The Jopen Intensity is a hideous beast, there’s no two ways about that. It’s strangely shaped. It’s a nausea-inducing shade of pinky-mauve. It’s large, but not in a “oh that looks delightfully filling” way but rather in a “what the fuck IS that?!?” way. It looks every bit like the (quack) medical device that it is purporting to have started out as. Or maybe some bizarre ray-gun. Paint it brass and take it to the next steampunk con?
The Intensity is trying to be an awful lot of things- clitoral vibrator, dildo, g-spotter, electro-stimulation, and kegel exerciser. It’s even trying to appeal to the wide range of preferences for insertable size. Unfortunately, I think they’re trying to ride all the horses with one butt.
I have so many thoughts and feelings on this, but they’re scattered and rant-y. So let’s just start with the base particulars, and then jump on into that list I just rattled off, shall we? Intensity is made of silicone, so that’s good. It has two metal electrodes on the insertion point. The silicone around those looks pretty well cast around it actually, so I don’t feel like cleaning is going to be a chore to ensure proper hygiene. So that’s good too. It uses four AAA batteries, which is not too bad, at least it’s not AAAA’s or somesuch impossible to find size. It… uhm… yeah, I think I’m out of what passes as nice things to say…

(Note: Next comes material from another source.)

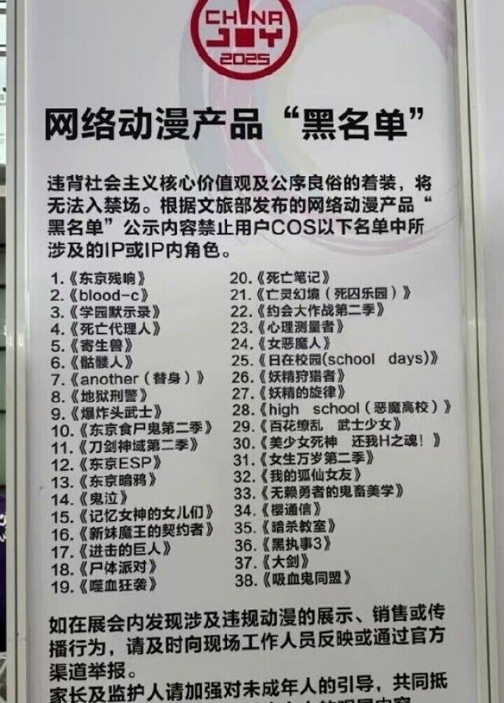 中国の「ChinaJoy 2025」で発表されたコスプレ禁止リストが議論を呼んでいる。「進撃の巨人」など多くの人気作品が禁止され、基準に疑問の声が上がった。
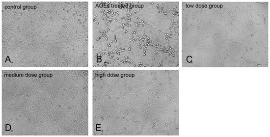 KM treatment protects against AGE-induced GMC injury. Microphotographs of the recovery effect of KM on AGE-induced growth of (A) control group GMCs, (B) cells treated with AGEs (160 μg/mL) for 24 h, and (C–E) cells pre-treated with 10, 20, or 35 μM KM and then stimulated with AGEs (160 μg/mL) for 24 h. The photographs were taken directly from culture plates with an inverted fluorescence microscope (magnification 100×).

Before I jump into my list of Things That Are Wrong With This Toy, I need to say a few words about the battery compartment. I’d normally not mention the battery compartment but in this case I feel I have to. This is a device designed for women, and I’d hazard to say that most women I encounter on my day-to-day activity tend more towards the femme side of things. This battery compartment is most decidedly NOT femme-friendly. My nails aren’t particularly long, just a smidge past the tips of my fingers, but I couldn’t grasp the little twisty bit because my nails are too long. I dunno about you, but I don’t feel like I should have to change my manicure habits on account of a sextoy.
There is an “On/Off” power button, and two sets of controls on the Intensity, one marked “V” and “S” with up and down arrows for each, and a series of indicator LEDs. “V” for vibration, and “S” for… shock? I’m guessing they meant stimulation, but I’m going with shock based on my experiences with this thing. The tricky part is that I can never quite remember if the controls are designed with up/down oriented for when I’m just looking at the toy, or for when it’s inserted in me. This is problematic later, particularly when we get to the shock parts.
The vibrator on here is a “rabbit” style clitoral attachment, except instead of having a pair of ears which flutter uselessly like most rabbit vibes, this has THREE rather firm protrusions to poke you in the clit whilst emitting an annoying buzzing sensation. There is no redeeming the vibe action on this, at all. None. It stabs, it hurts (and not it a good way), and it annoys. Don’t believe me? You don’t have to take my word for it. Not much vibration carries internally, which doesn’t surprise me given the mechanics of this thing.
You see, people like a lot of different things when it comes to an insertable toy or dildo. I get asked all the time “what is the best?” or “what is your most popular?” or some variant on the theme of folk wanting to find the One Dildo To Rule Them All. Sorry folks, it doesn’t exist. Jopen tried to address this issue of custom-fit dildo needs by looking at that pinnacle period of technological advancement known as the early 1990’s. No, really. Their solution? See that big, round, bulbous portion of the “base”? That is none other than an air bladder, which you use to inflate the intensity to your desired size. Just like a pair of Reebok sneakers— a design idea which we all knew was preposterous almost as soon as they came out. The attempt to make this a g-spotting toy is something that I am glad was very clearly an afterthought, but that doesn’t prevent it from being awful for me. There’s an awkward lump on the shaft which presses into my pubic bone in a really painful and pinchy manner. I can’t imagine it being useful, at all, for anyone who wanted to stimulate their g-spot anyhow- wrong place, too small, and just useless.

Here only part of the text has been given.